▶ _REQUIRED ACTION_:
Leaving pictures out, repeat word for word the line that has "Poster in einem" and each line that follows it to the end of the listing.

▶ _THE INPUT_:
______

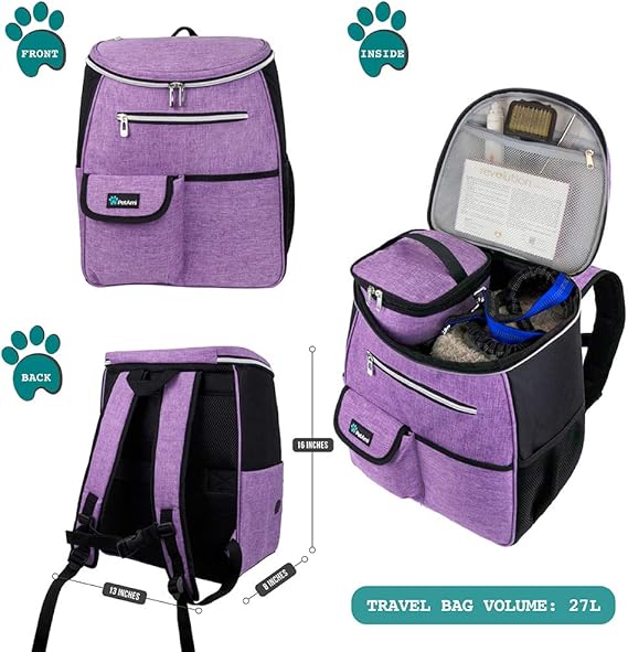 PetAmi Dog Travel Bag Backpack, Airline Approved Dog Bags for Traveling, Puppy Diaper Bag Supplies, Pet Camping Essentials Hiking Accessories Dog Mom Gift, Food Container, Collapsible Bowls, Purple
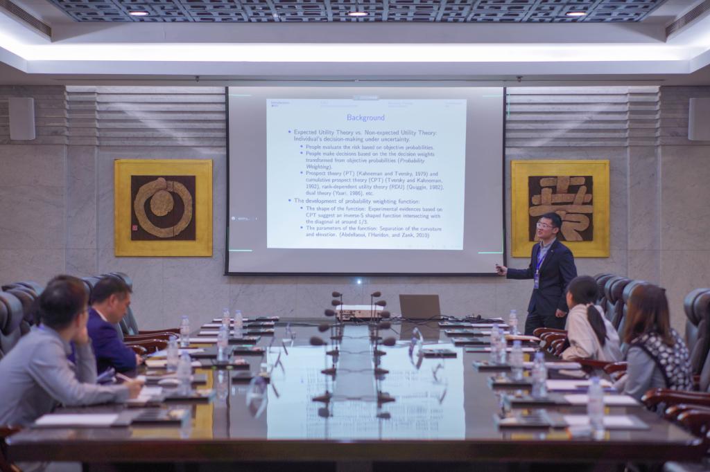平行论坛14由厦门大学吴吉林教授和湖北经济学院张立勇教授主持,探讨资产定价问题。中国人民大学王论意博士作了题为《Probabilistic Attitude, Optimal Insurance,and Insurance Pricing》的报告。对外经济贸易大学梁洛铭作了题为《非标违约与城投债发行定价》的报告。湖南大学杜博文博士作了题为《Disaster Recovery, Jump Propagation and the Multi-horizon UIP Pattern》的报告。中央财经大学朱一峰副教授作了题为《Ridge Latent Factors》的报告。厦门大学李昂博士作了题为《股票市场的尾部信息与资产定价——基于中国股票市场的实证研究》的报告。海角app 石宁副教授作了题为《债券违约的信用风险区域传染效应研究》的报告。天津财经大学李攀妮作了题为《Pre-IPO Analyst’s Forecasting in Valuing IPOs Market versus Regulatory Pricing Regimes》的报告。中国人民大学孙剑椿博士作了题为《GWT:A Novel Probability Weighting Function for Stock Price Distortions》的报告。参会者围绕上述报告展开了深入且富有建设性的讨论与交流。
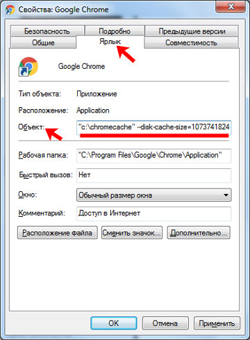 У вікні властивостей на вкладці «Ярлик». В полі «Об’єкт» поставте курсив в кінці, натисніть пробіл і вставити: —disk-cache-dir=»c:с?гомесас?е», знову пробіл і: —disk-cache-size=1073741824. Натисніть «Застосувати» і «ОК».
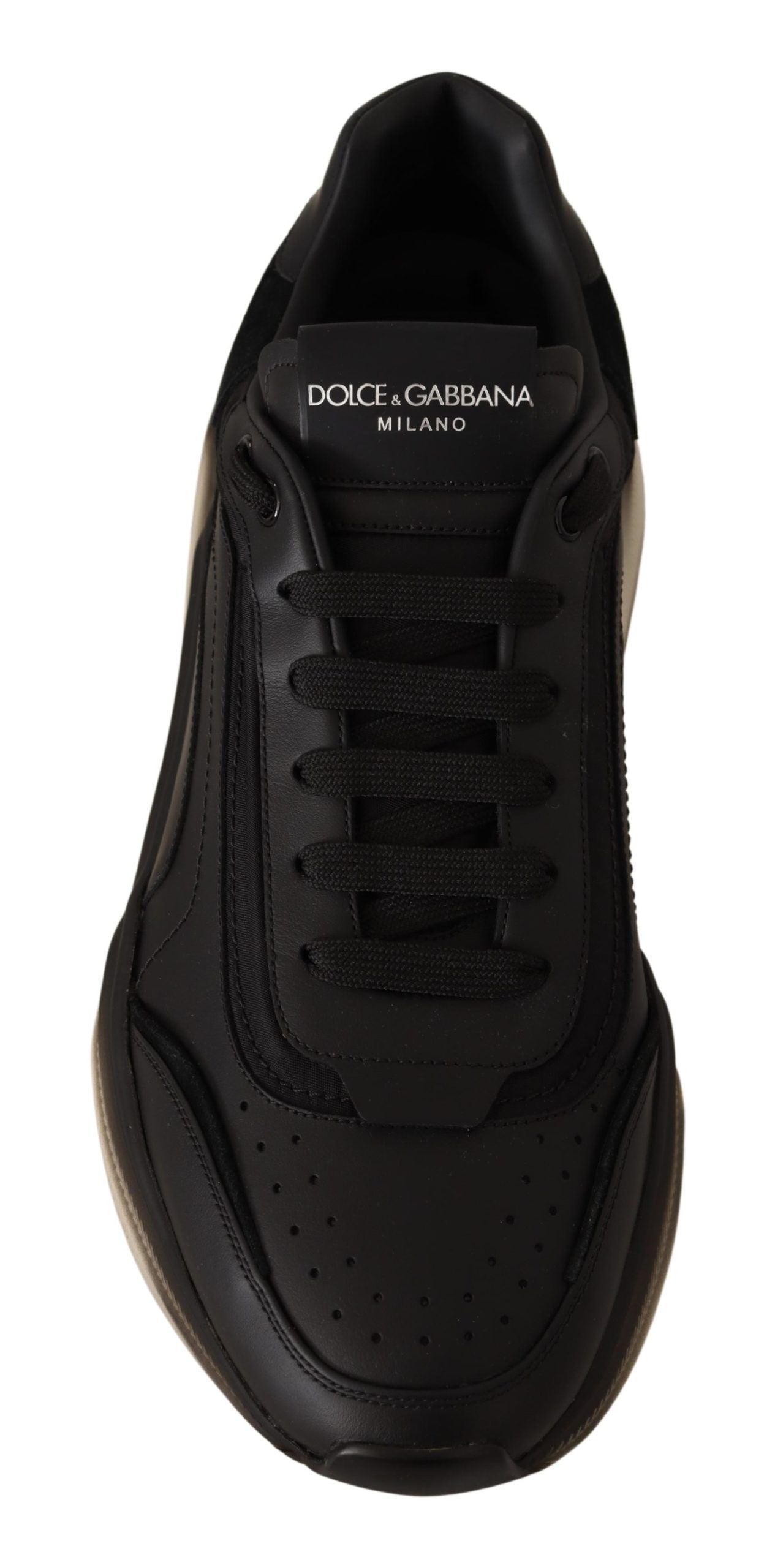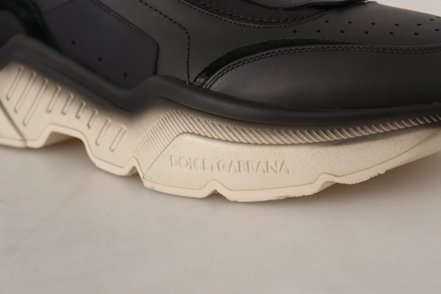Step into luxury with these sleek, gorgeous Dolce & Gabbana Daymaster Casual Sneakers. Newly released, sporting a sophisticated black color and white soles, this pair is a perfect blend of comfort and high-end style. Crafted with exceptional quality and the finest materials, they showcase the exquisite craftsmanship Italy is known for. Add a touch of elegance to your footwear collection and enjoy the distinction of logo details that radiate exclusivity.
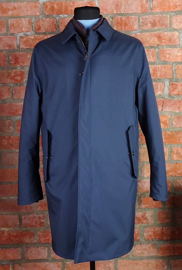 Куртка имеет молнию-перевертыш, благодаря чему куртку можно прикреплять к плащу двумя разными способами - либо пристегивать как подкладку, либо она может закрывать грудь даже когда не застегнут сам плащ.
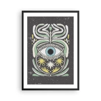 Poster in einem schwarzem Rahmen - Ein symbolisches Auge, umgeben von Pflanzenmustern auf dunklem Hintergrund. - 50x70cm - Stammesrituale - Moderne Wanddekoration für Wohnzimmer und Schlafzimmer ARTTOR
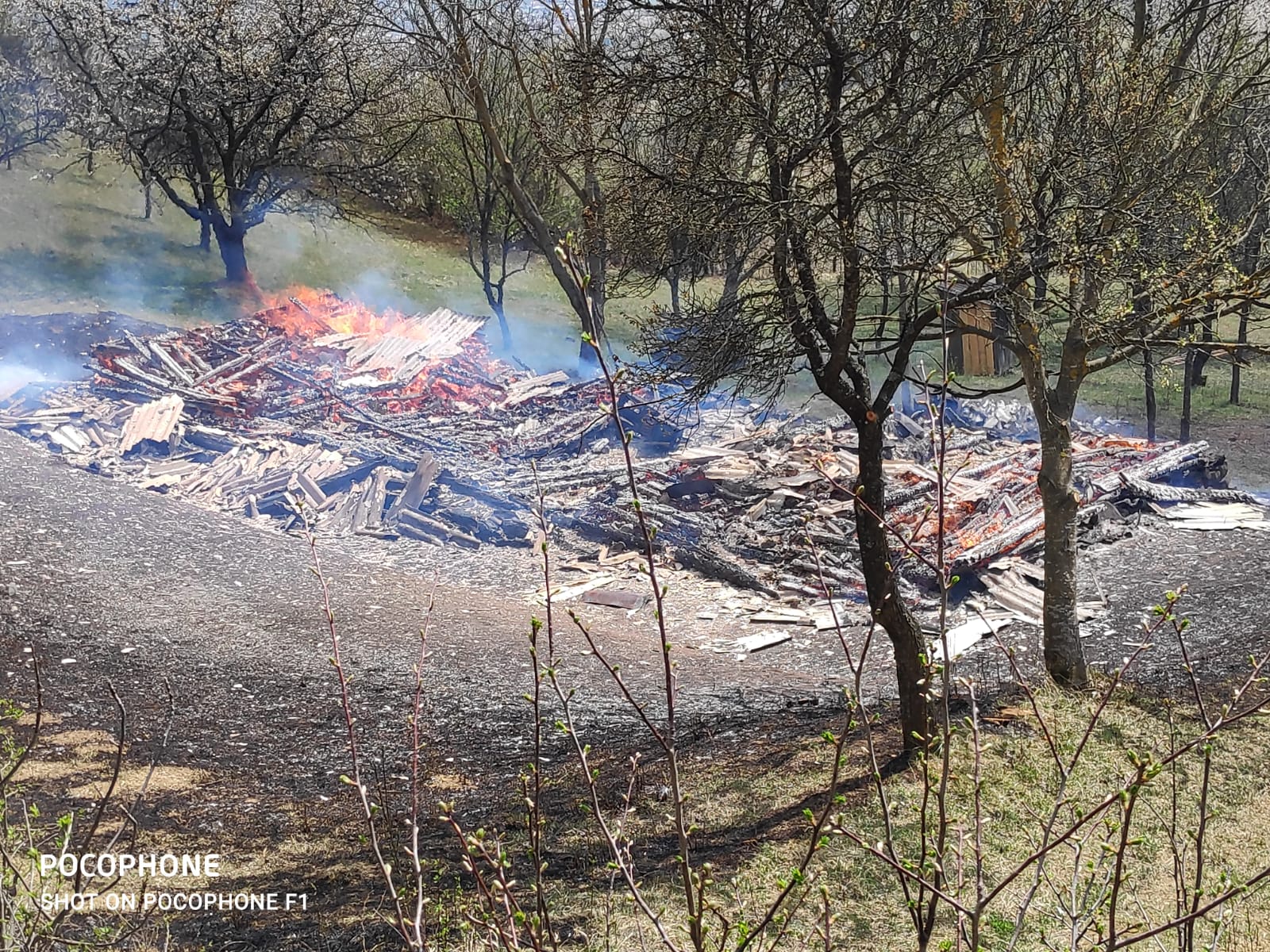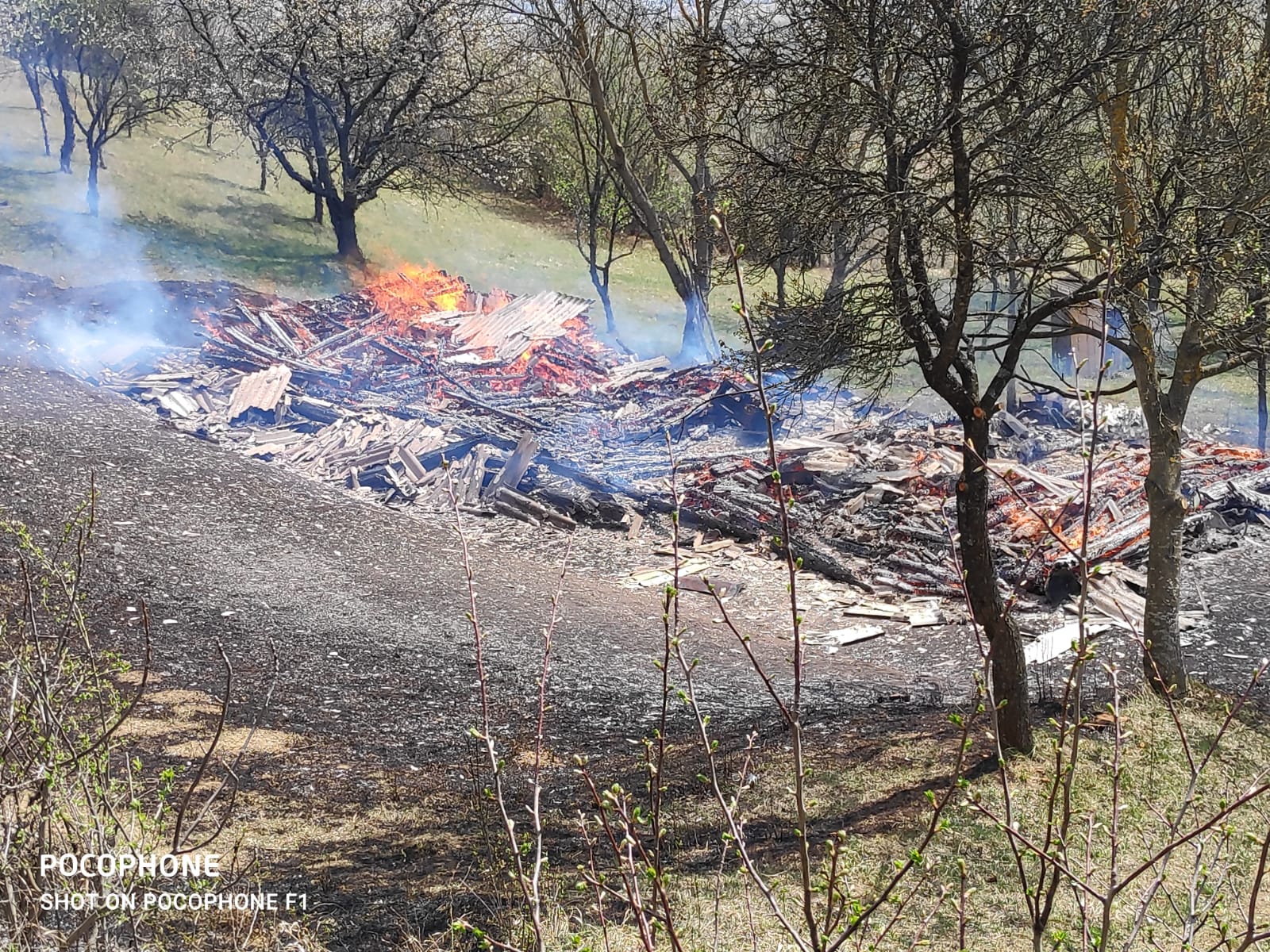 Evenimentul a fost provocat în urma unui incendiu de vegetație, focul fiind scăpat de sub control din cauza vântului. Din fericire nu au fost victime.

______

▶ _RESPONSE FOR THIS EXERCISE_:
 Poster in einem schwarzem Rahmen - Ein symbolisches Auge, umgeben von Pflanzenmustern auf dunklem Hintergrund. - 50x70cm - Stammesrituale - Moderne Wanddekoration für Wohnzimmer und Schlafzimmer ARTTOR
 Evenimentul a fost provocat în urma unui incendiu de vegetație, focul fiind scăpat de sub control din cauza vântului. Din fericire nu au fost victime.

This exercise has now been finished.